Platelet Lysate Induces in Human Osteoblasts Resumption of Cell Proliferation and Activation of Pathways Relevant for Revascularization and Regeneration of Damaged Bone.

机构信息

Department of Experimental Medicine (DIMES), University of Genova, 16132 Genova, Italy.

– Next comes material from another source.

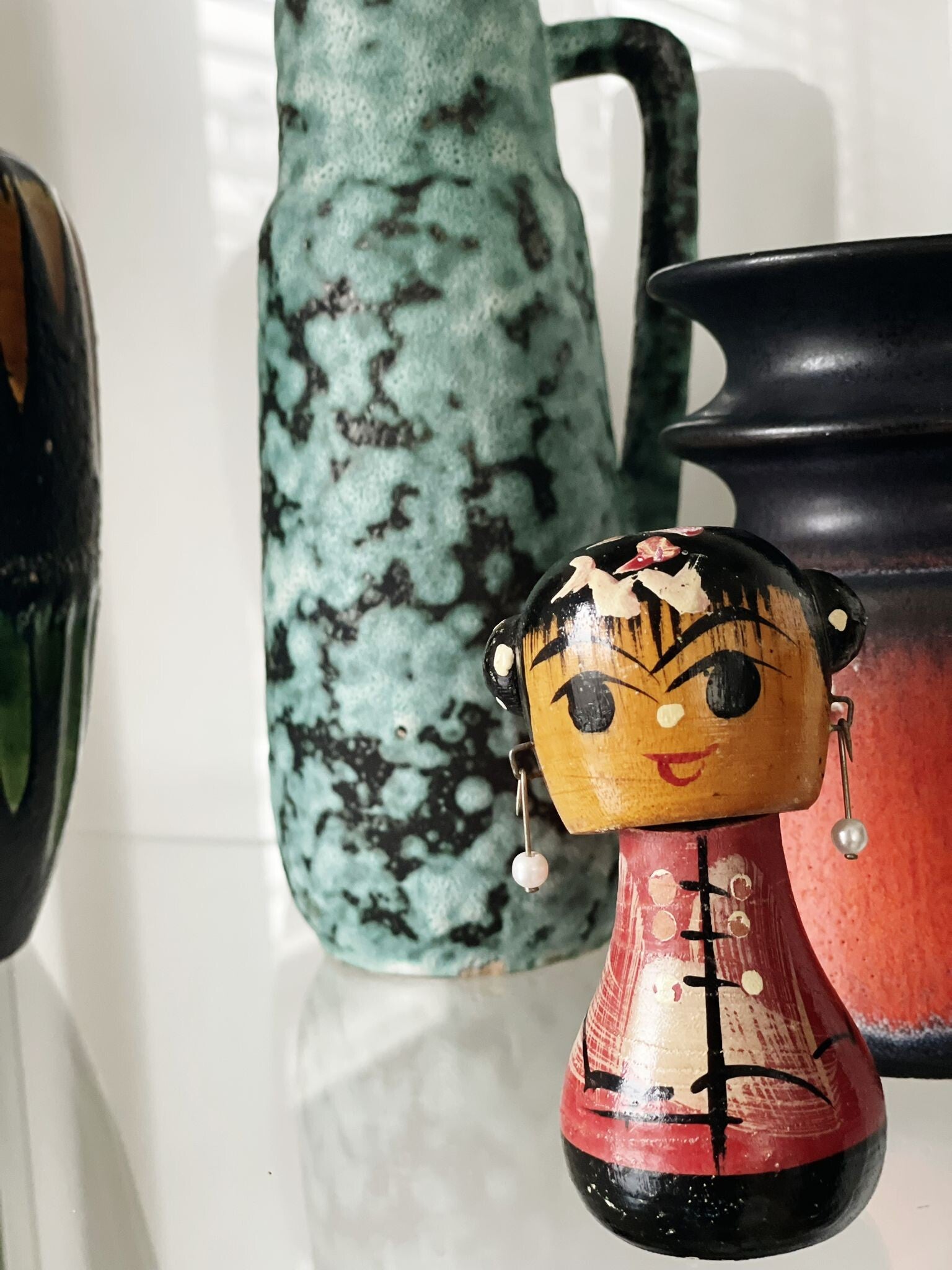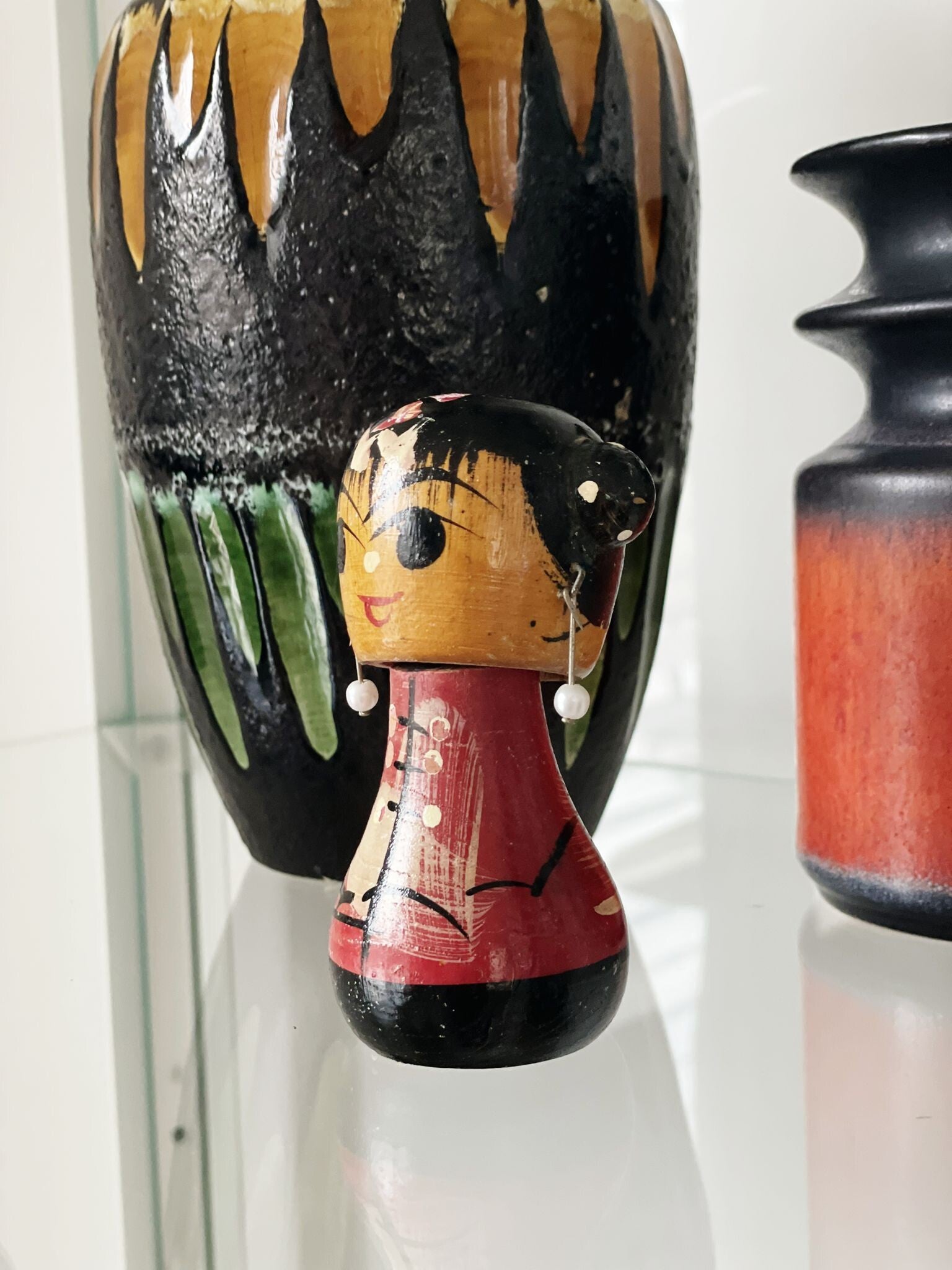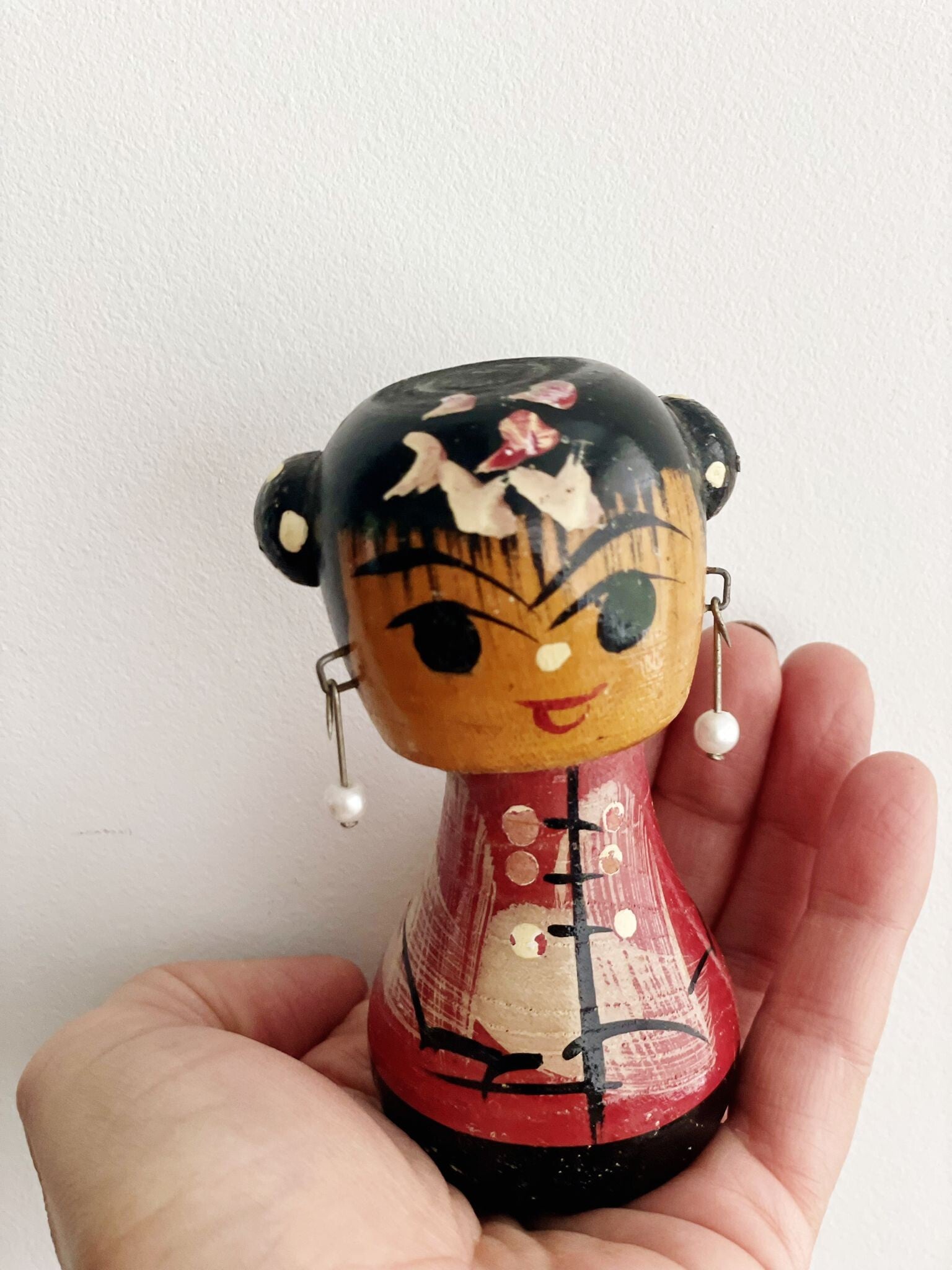 Vintage handbeschilderde traditionele houten Japanse Kokeshi bobbelhoofd -beeldje.

Department of Internal Medicine (DIMI), University of Genova, 16132 Genova, Italy.

出版信息

Int J Mol Sci. 2020 Jul 20;21(14):5123. doi: 10.3390/ijms21145123.

DOI:10.3390/ijms21145123
PMID:32698534
原文链接:https://pmc.ncbi.nlm.nih.gov/articles/PMC7403959/
Abstract

To understand the regenerative effect of platelet-released molecules in bone repair one should investigate the cascade of events involving the resident osteoblast population during the reconstructive process. Here the in vitro response of human osteoblasts to a platelet lysate (PL) stimulus is reported. Quiescent or very slow dividing osteoblasts showed a burst of proliferation after PL stimulation and returned to a none or very slow dividing condition when the PL was removed. PL stimulated osteoblasts maintained a differentiation capability in vitro and in vivo when tested in absence of PL. Since angiogenesis plays a crucial role in the bone healing process, we investigated in PL stimulated osteoblasts the activation of hypoxia-inducible factor 1-alpha (HIF-1α) and signal transducer and activator of transcription 3 (STAT3) pathways, involved in both angiogenesis and bone regeneration. We observed phosphorylation of STAT3 and a strong induction, nuclear translocation and DNA binding of HIF-1α. In agreement with the induction of HIF-1α an enhanced secretion of vascular endothelial growth factor (VEGF) occurred. The double effect of the PL on quiescent osteoblasts, i.e., resumption of proliferation and activation of pathways promoting both angiogenesis and bone formation, provides a rationale to the application of PL as therapeutic agent in post-traumatic bone repair.

摘要

为了理解血小板释放分子在骨修复中的再生作用,人们应该研究在重建过程中涉及常驻成骨细胞群体的一系列事件。本文报道了人成骨细胞对血小板裂解液(PL)刺激的体外反应。静止或分裂缓慢的成骨细胞在 PL 刺激后会爆发性增殖,当 PL 被去除时,又恢复到非分裂或非常缓慢分裂的状态。在没有 PL 的情况下进行测试时,PL 刺激的成骨细胞在体外和体内均保持分化能力。由于血管生成在骨愈合过程中起着至关重要的作用,我们研究了 PL 刺激的成骨细胞中缺氧诱导因子 1-α(HIF-1α)和信号转导和转录激活因子 3(STAT3)途径的激活,这些途径涉及血管生成和骨再生。我们观察到 STAT3 的磷酸化以及 HIF-1α 的强烈诱导、核易位和 DNA 结合。与 HIF-1α 的诱导一致,血管内皮生长因子(VEGF)的分泌增加。PL 对静止成骨细胞的双重作用,即恢复增殖和激活促进血管生成和骨形成的途径,为 PL 作为创伤后骨修复治疗剂的应用提供了依据。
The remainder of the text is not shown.